-- Opening Marker --

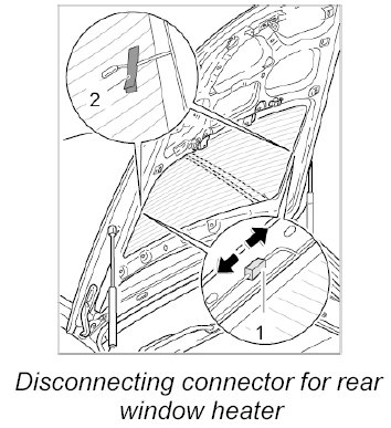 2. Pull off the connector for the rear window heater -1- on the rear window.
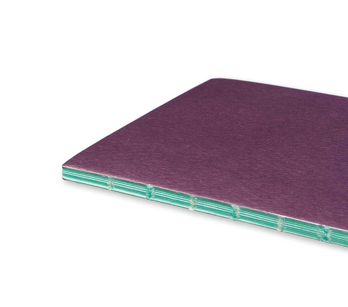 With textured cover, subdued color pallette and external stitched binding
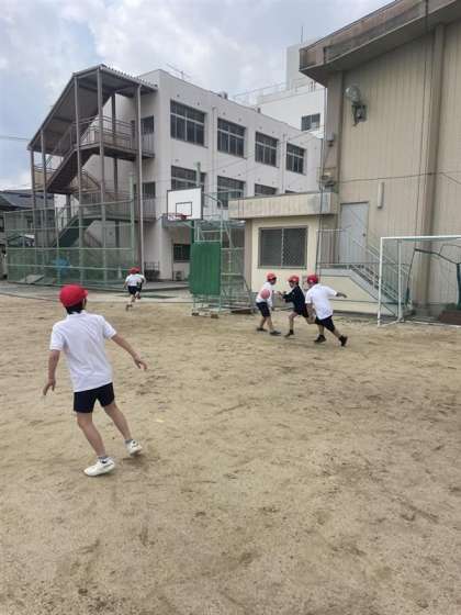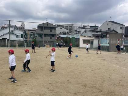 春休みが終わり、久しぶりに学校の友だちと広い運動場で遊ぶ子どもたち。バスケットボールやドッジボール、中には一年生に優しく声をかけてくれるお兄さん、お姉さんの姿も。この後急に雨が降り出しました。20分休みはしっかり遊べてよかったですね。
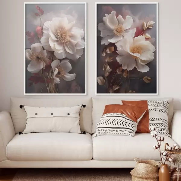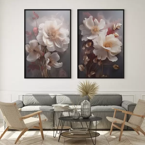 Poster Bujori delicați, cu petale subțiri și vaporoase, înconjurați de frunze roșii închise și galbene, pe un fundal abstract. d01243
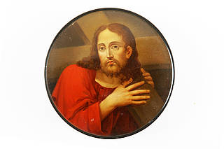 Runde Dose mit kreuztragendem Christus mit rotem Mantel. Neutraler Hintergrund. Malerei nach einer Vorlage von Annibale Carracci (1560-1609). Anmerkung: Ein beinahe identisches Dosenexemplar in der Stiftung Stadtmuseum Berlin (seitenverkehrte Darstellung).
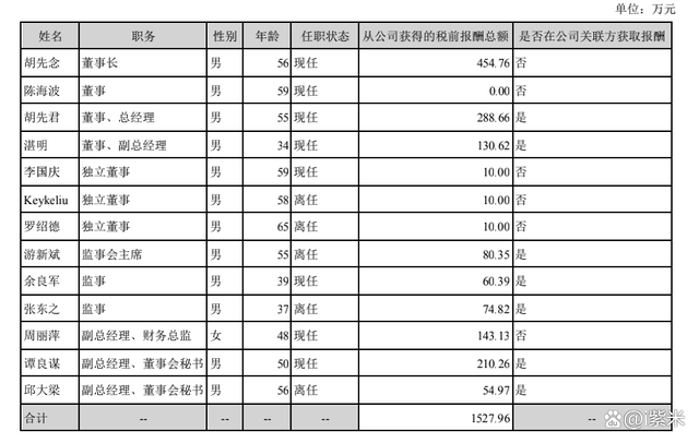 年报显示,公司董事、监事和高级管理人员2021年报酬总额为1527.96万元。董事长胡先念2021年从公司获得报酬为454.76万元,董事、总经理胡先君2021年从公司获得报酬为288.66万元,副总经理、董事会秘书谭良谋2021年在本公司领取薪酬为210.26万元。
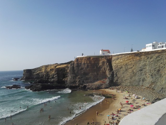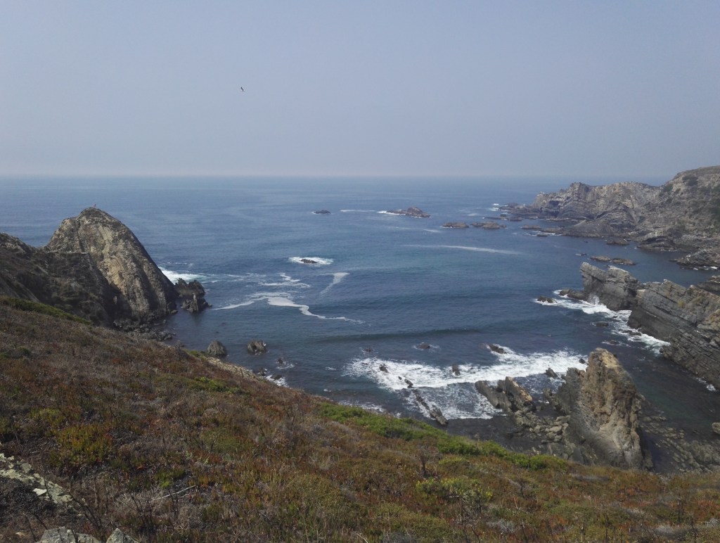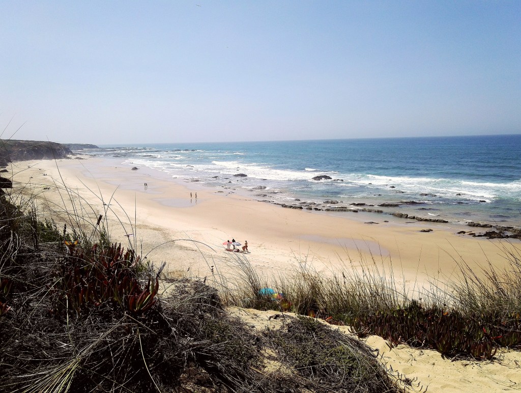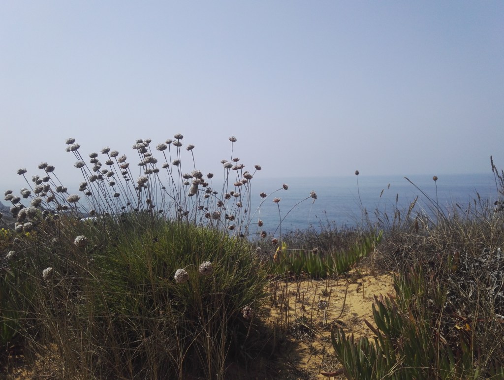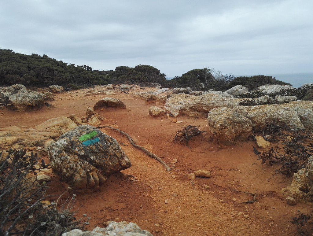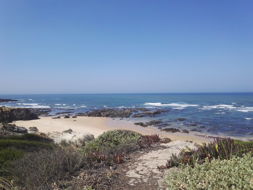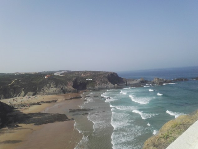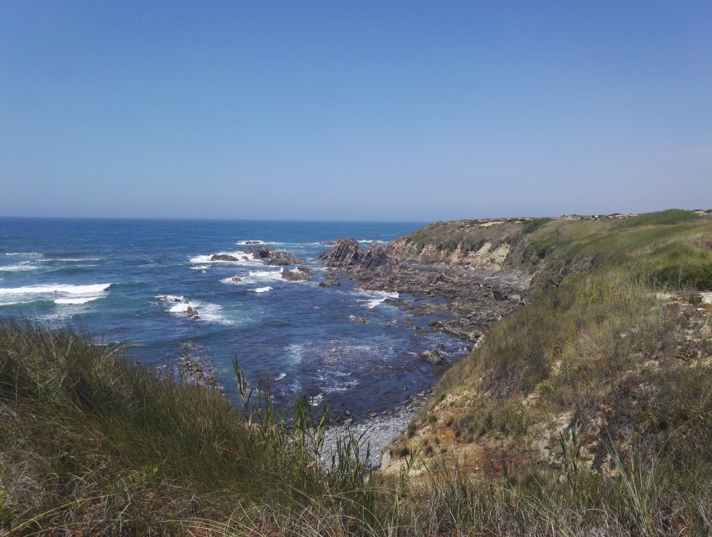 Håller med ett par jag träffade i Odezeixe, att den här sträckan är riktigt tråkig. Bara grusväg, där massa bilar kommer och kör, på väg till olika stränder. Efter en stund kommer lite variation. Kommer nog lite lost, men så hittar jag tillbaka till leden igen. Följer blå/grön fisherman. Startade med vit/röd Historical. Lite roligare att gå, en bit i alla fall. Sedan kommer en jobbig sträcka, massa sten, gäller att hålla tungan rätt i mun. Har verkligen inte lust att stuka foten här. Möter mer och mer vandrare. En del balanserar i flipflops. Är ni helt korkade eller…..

-- Closing Marker --
-- Opening Marker --

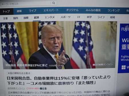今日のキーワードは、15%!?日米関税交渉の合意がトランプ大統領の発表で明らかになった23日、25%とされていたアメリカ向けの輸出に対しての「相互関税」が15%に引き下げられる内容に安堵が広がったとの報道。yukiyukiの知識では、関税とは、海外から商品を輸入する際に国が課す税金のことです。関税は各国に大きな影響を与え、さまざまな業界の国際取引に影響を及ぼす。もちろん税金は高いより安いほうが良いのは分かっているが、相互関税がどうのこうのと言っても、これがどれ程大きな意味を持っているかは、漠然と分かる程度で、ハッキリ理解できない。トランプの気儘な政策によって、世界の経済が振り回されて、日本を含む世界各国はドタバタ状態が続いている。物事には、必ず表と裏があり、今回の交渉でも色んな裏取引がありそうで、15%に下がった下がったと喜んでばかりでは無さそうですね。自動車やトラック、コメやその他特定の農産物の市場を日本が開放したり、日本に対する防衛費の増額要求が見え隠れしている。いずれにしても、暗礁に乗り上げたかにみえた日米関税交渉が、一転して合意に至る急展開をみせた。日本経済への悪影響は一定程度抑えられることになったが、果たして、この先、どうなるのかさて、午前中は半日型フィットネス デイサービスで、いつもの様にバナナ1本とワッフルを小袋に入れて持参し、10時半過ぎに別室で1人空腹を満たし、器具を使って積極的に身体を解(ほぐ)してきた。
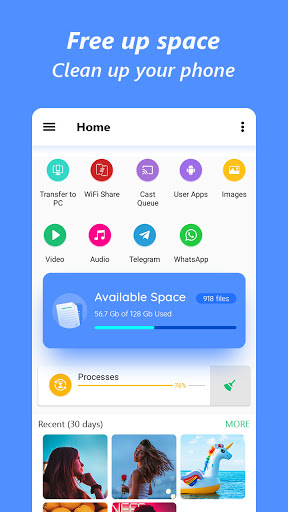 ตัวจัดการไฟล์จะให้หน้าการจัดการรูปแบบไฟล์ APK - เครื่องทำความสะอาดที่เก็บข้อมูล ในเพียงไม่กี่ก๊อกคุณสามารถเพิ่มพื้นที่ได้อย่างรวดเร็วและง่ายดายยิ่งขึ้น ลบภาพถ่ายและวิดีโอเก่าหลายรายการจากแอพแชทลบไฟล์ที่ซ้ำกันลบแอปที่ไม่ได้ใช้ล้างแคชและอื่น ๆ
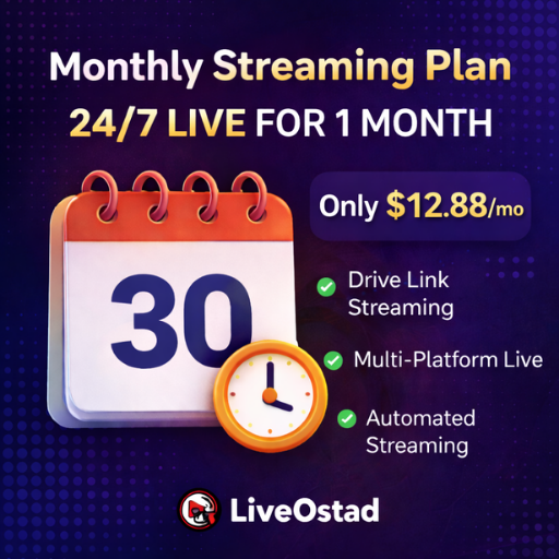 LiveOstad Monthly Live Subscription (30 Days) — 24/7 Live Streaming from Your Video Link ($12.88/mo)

-- Closing Marker --
-- Opening Marker --

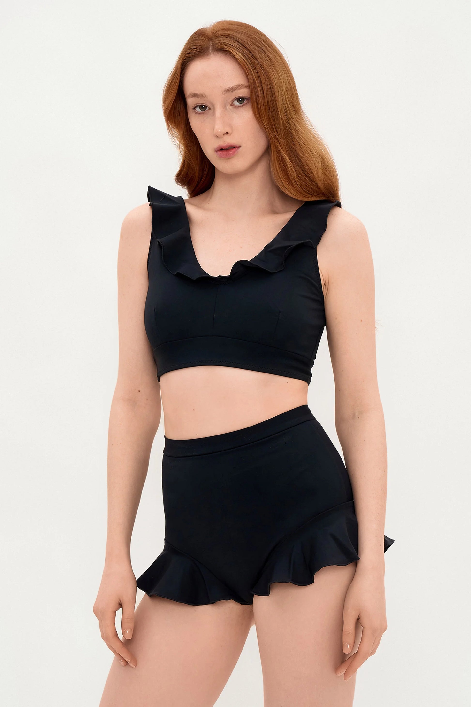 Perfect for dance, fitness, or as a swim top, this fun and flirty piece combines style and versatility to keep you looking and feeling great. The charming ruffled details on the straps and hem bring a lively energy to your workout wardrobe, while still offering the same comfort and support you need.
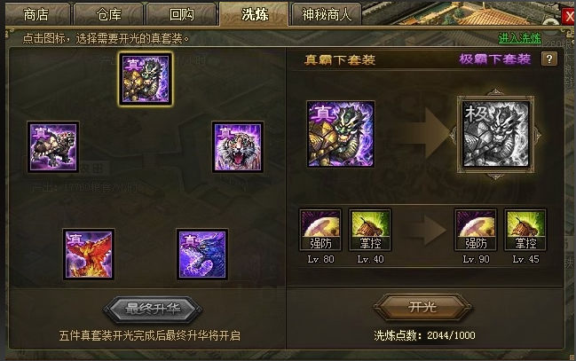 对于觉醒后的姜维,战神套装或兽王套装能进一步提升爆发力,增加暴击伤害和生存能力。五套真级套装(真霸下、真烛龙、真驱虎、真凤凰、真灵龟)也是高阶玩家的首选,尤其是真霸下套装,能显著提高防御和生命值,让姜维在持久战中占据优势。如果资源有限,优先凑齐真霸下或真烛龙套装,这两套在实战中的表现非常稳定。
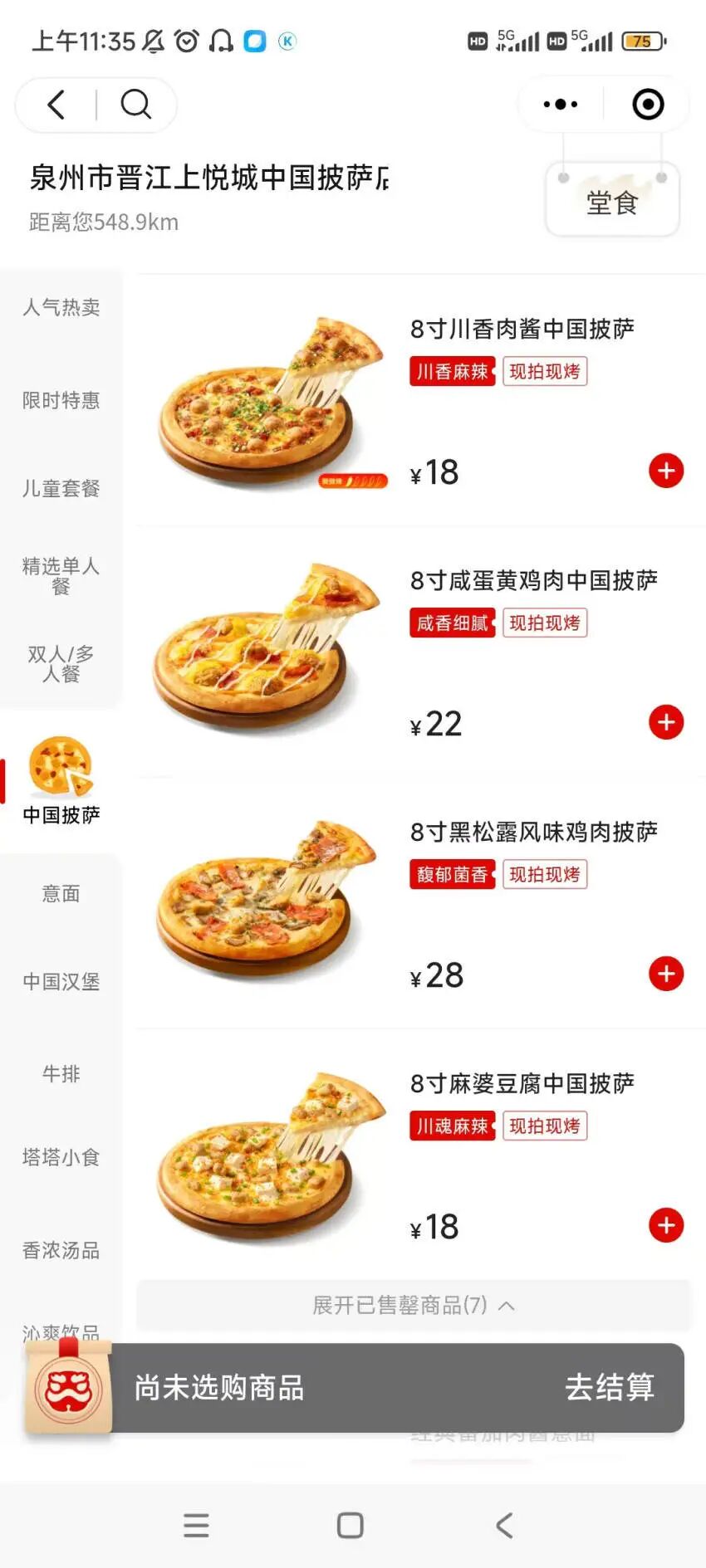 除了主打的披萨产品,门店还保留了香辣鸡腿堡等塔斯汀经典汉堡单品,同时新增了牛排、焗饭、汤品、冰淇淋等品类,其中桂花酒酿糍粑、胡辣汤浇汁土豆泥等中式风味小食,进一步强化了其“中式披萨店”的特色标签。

-- Closing Marker --

## Required action:
Exactly the lines above, from the one containing "春休みが終わり、久しぶりに学" down to the one containing "Håller med ett", are to be repeated, including both ends. Pictures are not part of the copy.

## Solved problem:
 春休みが終わり、久しぶりに学校の友だちと広い運動場で遊ぶ子どもたち。バスケットボールやドッジボール、中には一年生に優しく声をかけてくれるお兄さん、お姉さんの姿も。この後急に雨が降り出しました。20分休みはしっかり遊べてよかったですね。
 Poster Bujori delicați, cu petale subțiri și vaporoase, înconjurați de frunze roșii închise și galbene, pe un fundal abstract. d01243
 Runde Dose mit kreuztragendem Christus mit rotem Mantel. Neutraler Hintergrund. Malerei nach einer Vorlage von Annibale Carracci (1560-1609). Anmerkung: Ein beinahe identisches Dosenexemplar in der Stiftung Stadtmuseum Berlin (seitenverkehrte Darstellung).
 年报显示,公司董事、监事和高级管理人员2021年报酬总额为1527.96万元。董事长胡先念2021年从公司获得报酬为454.76万元,董事、总经理胡先君2021年从公司获得报酬为288.66万元,副总经理、董事会秘书谭良谋2021年在本公司领取薪酬为210.26万元。
 Håller med ett par jag träffade i Odezeixe, att den här sträckan är riktigt tråkig. Bara grusväg, där massa bilar kommer och kör, på väg till olika stränder. Efter en stund kommer lite variation. Kommer nog lite lost, men så hittar jag tillbaka till leden igen. Följer blå/grön fisherman. Startade med vit/röd Historical. Lite roligare att gå, en bit i alla fall. Sedan kommer en jobbig sträcka, massa sten, gäller att hålla tungan rätt i mun. Har verkligen inte lust att stuka foten här. Möter mer och mer vandrare. En del balanserar i flipflops. Är ni helt korkade eller…..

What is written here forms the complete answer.